"So far as I know, that actually just means that the test suite is insufficient." - Peter Seebach, when an application passes all its tests.
I wholeheartedly agree: if your build always passes its tests, that means your tests are not tough enough! Ideally the tests should stay ahead of the software, constantly pulling you forwards to improve its quality. If the tests keep passing, write new ones that fail! Or make existing ones evil-er.
You'll be glad to know that Lucene/Solr's tests do sometimes fail, as you can see in the Hudson Jenkins automated trunk builds.
Our test infrastructure has gotten much better, just over the past 6 months or so, through heavy use of randomization.

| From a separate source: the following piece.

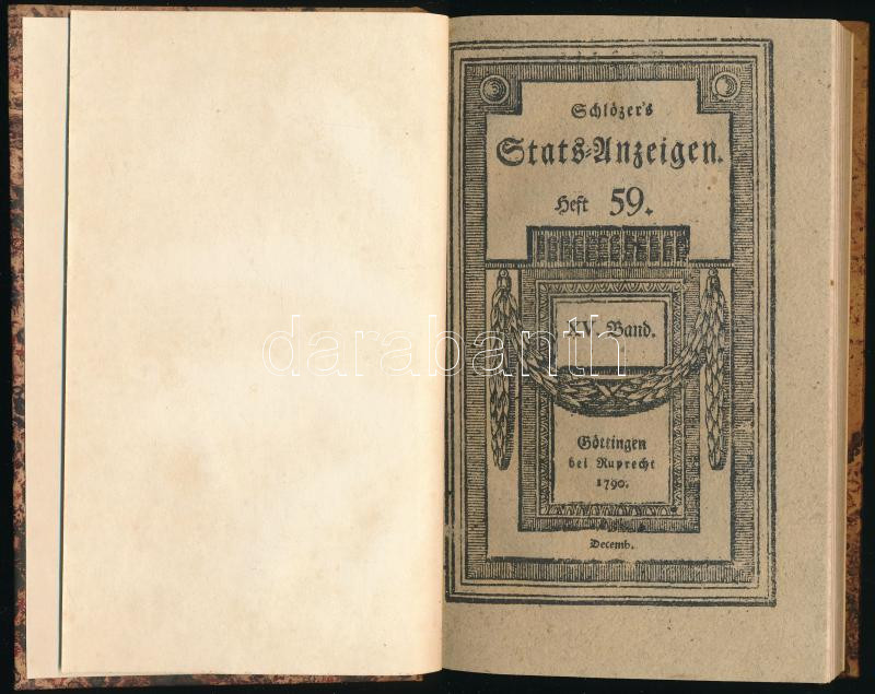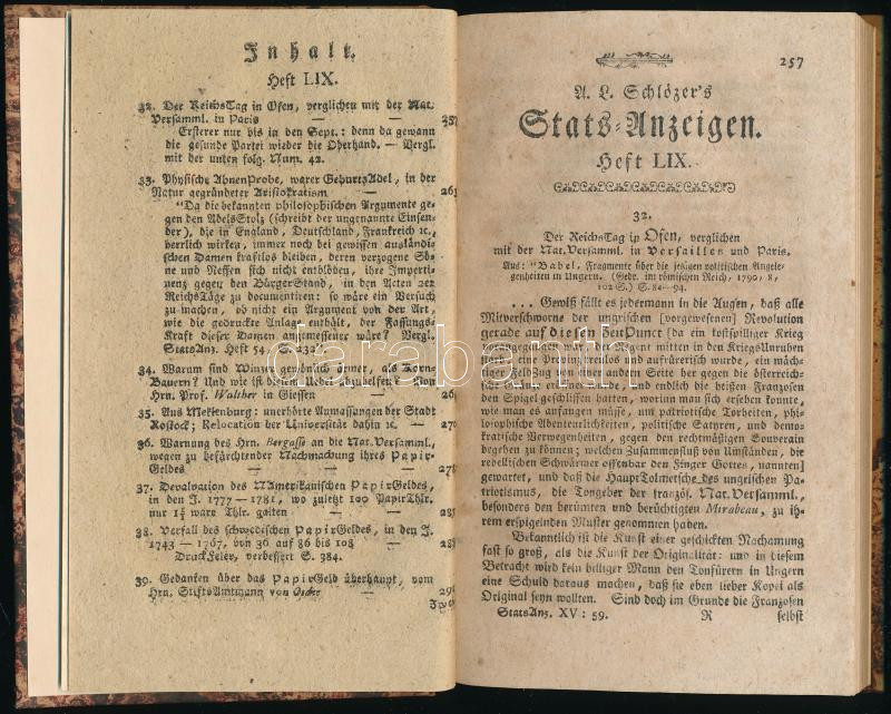Hungarika (Schlözer, August Ludwig). Schlözer's Stats Anzeigen. Heft 59. Göttingen, 1790. Ruprecht. 257-281p. Benne a magyar arisztokrácia híreivel. Jó állapotban Korhű kartonálásban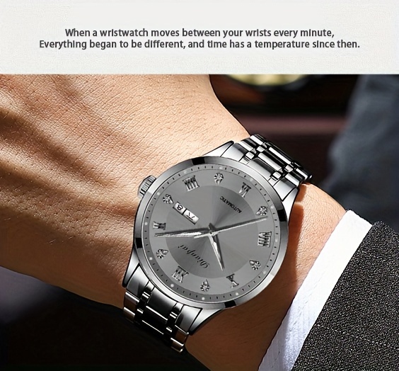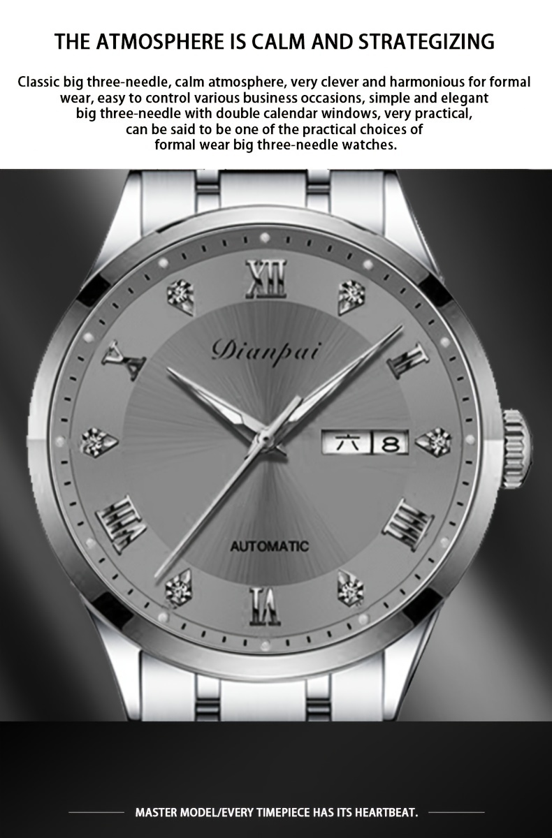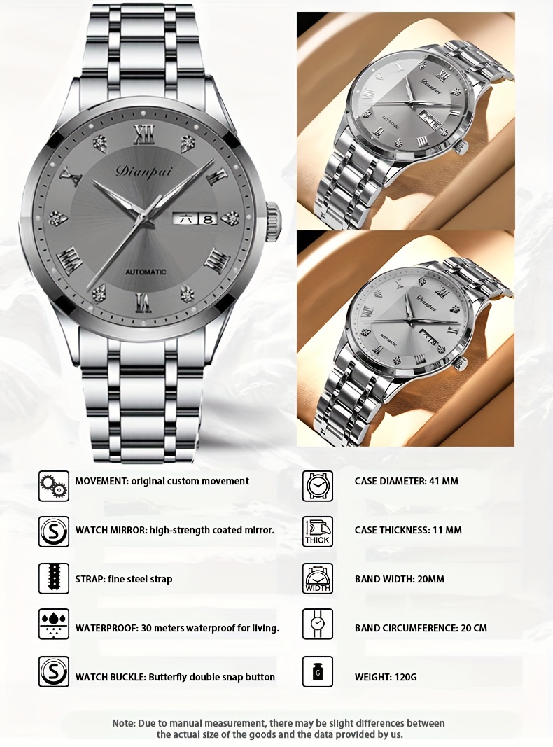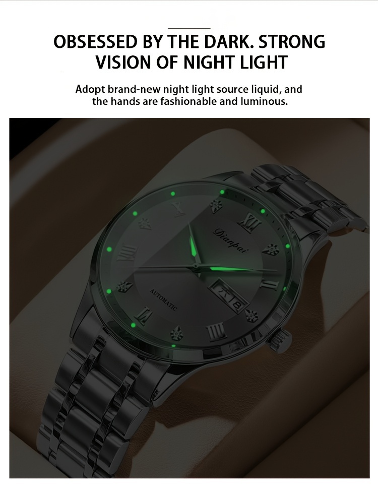Men'S Automatic Mechanical Watch with Calendar & Date Display, Luminous Hands, Roman Numerals, Stainless Steel Strap & Case, Business Style Luxury Wristwatch, Date Display Watch | Elegant Wristwatch | Durable Watch, W

When a test needs a Directory instance, but doesn't care which, it uses the newDirectory method. This method picks one of Lucene's Directory implementations (RAMDirectory, NIOFSDirectory, MMapDirectory, etc.) and then wraps it with MockDirectoryWrapper, a nice little class that does all sorts of fun things like: occasionally calling Thread.yield; preventing still-open files from being overwritten or deleted (acts-like-Windows); refusing to write to the same file twice (verifying Lucene is in fact write-once); breaking up a single writeBytes into multiple calls; optionally throwing IOException on disk full, or simply throwing exceptions at random times; simulating an OS/hardware crash by randomly corrupting un-sync'd files in devilish ways; etc. We pick a timezone and locale.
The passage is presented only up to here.